The committee will be formed by two girls and three particular members. It means the three particular members will be chosen from the remaining nine members. Then, we find the number of ways to select 2 particular girls, the number of ways to select three particular members among the 9 members and the number of ways to select five particular members among 11 members.
Finally, we can find the required probability.

Complete step-by-step answer:
It is given that; the number of boys is $8$ and the number of girls $3$ . A committee of $5$ members will be formed.
We have to find the probability that $2$ particular girls are included in the committee.
So, we have,
Committee: 2 girls and 3 particular members.
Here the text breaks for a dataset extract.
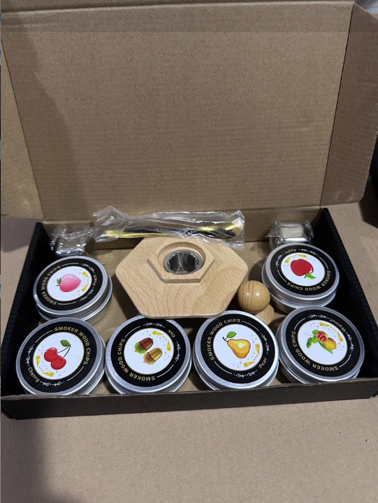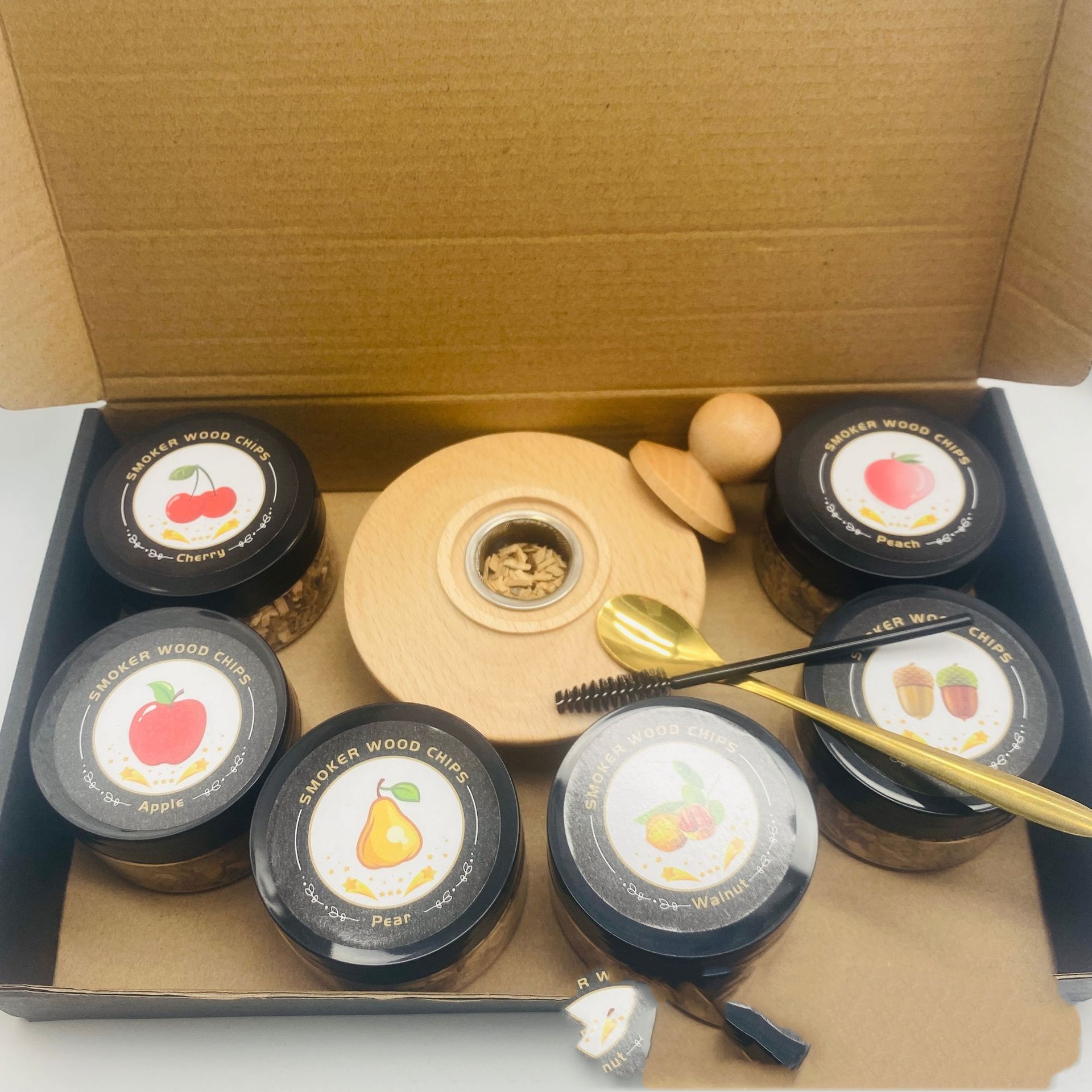Spoon*1pc+packaging box*1pc+lid*1pc+hexagonal iron tower*1pc+wood chips*4pcs+Cleaning tool*1pc/Spoon*1pc+packaging box*1pc+lid*1pc+hexagonal iron tower*1pc+wood chips*6pcs+Cleaning tool*1pc

The number of ways to select 2 particular girls is $^2{C_2}$ .
Now, the committee has to select 3 members from $(8 + 3 - 2) = 9$ members.
The number of ways to select three particular members among rest 9 members is ${ = ^9}{C_3}$ .
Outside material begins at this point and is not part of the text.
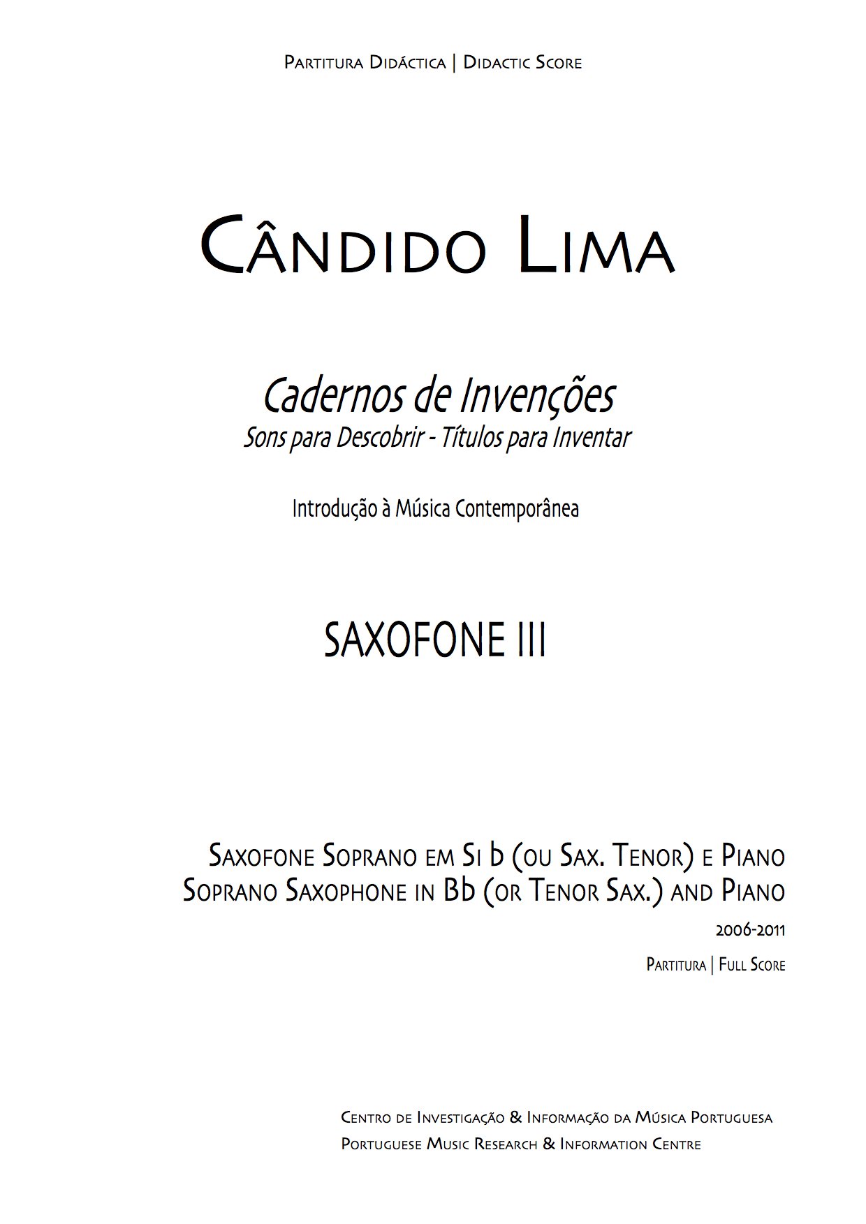 Cândido Lima / Cadernos de Invenções - Saxofone III

The number of ways to select five particular members among 11 members is ${ = ^{11}}{C_5}$ .
The probability that $2$ particular girls are included in the committee is $= \dfrac{{^2{C_2}{ \times ^9}{C_3}}}{{^{11}{C_5}}}$
Simplifying we get,
$\Rightarrow \dfrac{{^2{C_2}{ \times ^9}{C_3}}}{{^{11}{C_5}}} = \dfrac{{\dfrac{{2!}}{{2!\left( {2 - 2} \right)!}} \times \dfrac{{9!}}{{3!\left( {9 - 3} \right)!}}}}{{\dfrac{{11!}}{{5!\left( {11 - 5} \right)!}}}}$
By using combination formula to solve,
$\Rightarrow \dfrac{{\dfrac{{2!}}{{2!\left( {2 - 2} \right)!}} \times \dfrac{{9!}}{{3!\left( {9 - 3} \right)!}}}}{{\dfrac{{11!}}{{5!\left( {11 - 5} \right)!}}}} = \dfrac{{84}}{{462}}$
The probability that $2$ particular girls are included in the committee is $= \dfrac{{84}}{{462}} = \dfrac{2}{{11}}$
So, the probability that $2$ particular girls are included in the committee is $\dfrac{2}{{11}}$ .

$\therefore$ The correct option is B) $\dfrac{2}{{11}}$ .

Note: We must keep in mind that the probability is a measure of the likelihood of an event to occur. Many events cannot be predicted with total certainty. We can predict only the chance of an event to occur i.e. how likely they are to happen, using it. Probability can range in from 0 to 1, where 0 means the event to be an impossible one and 1 indicates a certain event.